I wondered from time to time how Mr. Rossiter had felt about this when he’d been alive. Maybe Mrs. Rossiter had become so fixated on Durwood since her husband had died? I’d never known M. T. Rossiter, who had departed this world over four years ago, around the time I’d landed in Shakespeare. While I knelt in the bathroom, using the special rinse attachment to flush the shampoo out of Durwood’s coat, I interrupted Mrs. Rossiter’s monologue on next month’s Garden Club flower show to ask her what her husband had been like.

Since I’d stopped her midflow, it took Birdie Rossiter a moment to redirect the stream of conversation.

“Well… my husband… it’s so strange you should ask, I was just thinking of him…”

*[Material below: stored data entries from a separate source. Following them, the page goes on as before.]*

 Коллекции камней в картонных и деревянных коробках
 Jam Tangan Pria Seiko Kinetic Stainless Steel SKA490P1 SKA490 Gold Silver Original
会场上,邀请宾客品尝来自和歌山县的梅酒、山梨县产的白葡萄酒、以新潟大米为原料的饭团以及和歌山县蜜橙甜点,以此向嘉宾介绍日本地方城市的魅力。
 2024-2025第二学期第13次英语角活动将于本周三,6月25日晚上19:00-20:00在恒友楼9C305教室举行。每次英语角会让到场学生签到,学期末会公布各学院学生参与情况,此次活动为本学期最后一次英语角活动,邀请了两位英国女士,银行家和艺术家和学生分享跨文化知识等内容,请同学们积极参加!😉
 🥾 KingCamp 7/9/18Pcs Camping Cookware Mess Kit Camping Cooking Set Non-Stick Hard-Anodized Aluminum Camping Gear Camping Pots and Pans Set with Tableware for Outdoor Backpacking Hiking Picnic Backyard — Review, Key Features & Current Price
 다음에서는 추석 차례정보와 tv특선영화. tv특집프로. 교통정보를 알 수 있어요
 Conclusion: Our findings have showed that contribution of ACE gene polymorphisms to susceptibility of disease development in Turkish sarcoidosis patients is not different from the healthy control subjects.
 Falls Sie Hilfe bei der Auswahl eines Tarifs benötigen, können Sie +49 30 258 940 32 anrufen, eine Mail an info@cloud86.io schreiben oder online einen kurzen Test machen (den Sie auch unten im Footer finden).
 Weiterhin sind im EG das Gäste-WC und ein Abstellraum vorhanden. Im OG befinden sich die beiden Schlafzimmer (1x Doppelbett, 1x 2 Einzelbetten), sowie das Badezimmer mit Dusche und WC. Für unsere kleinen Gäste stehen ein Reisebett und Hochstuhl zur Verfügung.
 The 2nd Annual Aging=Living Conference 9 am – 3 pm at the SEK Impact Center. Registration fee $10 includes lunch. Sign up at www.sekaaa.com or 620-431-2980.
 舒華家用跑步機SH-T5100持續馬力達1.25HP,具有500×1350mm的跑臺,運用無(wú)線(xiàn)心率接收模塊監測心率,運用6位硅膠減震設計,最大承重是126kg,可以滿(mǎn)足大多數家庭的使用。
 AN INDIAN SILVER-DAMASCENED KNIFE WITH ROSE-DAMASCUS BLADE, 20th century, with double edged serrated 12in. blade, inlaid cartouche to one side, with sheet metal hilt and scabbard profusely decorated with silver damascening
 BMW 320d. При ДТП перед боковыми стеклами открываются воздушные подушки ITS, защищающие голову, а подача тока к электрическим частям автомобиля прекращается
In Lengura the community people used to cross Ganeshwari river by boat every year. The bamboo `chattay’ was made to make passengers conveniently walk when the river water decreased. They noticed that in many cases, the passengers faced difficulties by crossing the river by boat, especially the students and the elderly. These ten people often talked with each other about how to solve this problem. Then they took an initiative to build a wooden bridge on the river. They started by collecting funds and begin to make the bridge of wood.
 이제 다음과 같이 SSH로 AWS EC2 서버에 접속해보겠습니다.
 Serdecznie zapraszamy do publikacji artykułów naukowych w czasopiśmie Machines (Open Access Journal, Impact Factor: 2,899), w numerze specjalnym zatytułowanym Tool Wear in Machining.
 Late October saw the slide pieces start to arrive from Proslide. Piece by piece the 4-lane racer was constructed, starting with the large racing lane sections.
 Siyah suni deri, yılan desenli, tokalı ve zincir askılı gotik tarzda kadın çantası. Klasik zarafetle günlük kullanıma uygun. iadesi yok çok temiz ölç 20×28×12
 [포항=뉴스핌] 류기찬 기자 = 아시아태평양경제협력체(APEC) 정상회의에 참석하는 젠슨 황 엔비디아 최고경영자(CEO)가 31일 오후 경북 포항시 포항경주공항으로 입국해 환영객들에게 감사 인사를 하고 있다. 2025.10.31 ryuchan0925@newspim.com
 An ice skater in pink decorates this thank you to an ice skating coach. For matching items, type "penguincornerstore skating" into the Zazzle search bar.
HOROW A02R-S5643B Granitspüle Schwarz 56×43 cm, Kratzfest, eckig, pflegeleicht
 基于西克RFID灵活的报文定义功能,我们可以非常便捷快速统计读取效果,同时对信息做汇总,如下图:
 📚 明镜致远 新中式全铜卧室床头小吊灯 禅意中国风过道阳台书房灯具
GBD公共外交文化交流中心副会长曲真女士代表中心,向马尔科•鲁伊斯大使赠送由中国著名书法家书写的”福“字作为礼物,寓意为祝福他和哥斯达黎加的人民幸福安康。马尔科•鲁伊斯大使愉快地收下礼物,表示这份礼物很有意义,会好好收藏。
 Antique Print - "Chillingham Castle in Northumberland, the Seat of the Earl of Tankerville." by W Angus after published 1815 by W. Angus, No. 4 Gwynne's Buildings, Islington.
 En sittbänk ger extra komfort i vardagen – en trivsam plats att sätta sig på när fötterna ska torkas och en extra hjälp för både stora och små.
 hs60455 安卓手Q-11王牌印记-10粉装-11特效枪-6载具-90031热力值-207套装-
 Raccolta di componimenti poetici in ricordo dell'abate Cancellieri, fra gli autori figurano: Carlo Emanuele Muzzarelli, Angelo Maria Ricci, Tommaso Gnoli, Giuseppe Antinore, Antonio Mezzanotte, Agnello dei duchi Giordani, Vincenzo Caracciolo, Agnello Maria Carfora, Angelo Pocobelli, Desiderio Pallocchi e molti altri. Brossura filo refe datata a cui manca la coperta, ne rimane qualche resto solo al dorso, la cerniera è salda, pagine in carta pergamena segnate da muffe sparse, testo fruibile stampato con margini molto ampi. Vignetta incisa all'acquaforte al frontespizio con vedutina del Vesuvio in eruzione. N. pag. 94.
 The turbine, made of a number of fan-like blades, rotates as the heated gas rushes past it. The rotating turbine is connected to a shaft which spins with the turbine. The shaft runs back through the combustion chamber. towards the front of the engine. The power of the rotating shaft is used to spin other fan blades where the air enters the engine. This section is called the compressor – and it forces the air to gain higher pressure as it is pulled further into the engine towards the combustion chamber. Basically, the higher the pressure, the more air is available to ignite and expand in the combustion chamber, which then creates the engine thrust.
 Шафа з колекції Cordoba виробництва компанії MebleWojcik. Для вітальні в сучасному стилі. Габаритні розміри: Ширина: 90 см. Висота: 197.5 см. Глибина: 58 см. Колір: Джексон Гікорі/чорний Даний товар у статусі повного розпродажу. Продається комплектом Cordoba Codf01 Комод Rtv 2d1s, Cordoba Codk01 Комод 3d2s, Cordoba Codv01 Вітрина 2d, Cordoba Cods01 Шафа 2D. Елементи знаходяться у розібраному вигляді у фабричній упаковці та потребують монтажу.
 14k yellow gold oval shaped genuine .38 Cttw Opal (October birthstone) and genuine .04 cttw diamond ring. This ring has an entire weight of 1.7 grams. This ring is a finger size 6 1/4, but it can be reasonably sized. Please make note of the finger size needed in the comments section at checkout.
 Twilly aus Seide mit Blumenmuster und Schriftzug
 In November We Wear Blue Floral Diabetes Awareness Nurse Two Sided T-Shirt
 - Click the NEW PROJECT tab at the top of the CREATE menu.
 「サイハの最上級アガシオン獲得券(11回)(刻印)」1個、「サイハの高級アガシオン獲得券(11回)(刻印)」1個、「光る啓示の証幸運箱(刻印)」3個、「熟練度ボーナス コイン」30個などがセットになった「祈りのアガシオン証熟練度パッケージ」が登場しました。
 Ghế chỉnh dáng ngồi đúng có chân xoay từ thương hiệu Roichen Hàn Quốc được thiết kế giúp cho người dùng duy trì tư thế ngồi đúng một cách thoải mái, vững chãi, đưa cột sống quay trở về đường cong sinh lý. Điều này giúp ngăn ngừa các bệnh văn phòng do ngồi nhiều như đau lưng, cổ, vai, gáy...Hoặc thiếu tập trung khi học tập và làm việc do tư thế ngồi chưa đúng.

Birdie Rossiter had always just been thinking of whatever topic you suggested.

“M. T. was a farmer.”

I nodded, to show I was listening. I’d spotted a flea in the water swirling down the drain and I was hoping Mrs. Rossiter wouldn’t see it. If she did, Durwood and I would have to go through various unpleasant processes.

“He farmed all his life, he came from a farming family. He never knew anything else but country. His mother actually chewed tobacco, Lily! Can you imagine? But she was good woman, Miss Audie, with a good heart. When I married M. T.-I was just eighteen-Miss Audie told us to build a house wherever on their land we pleased. Wasn’t that nice? So M. T. picked this site, and we spent a year working on the floor plan. And it turned out to be an ordinary old house, after all that planning!” Birdie laughed. Under the fluorescent light of the bathroom, the threads of gray in the darkness of her hair shone so brightly they looked painted.

By the time Birdie had reached the point in her husband’s biography where M. T. was asked to join the Gospellaires, a men’s quartet at Mt. Olive Baptist, I had begun my next grocery list, at least in my head.

An hour later, I was saying good-bye, Mrs. Rossiter’s check tucked in the pocket of my blue jeans.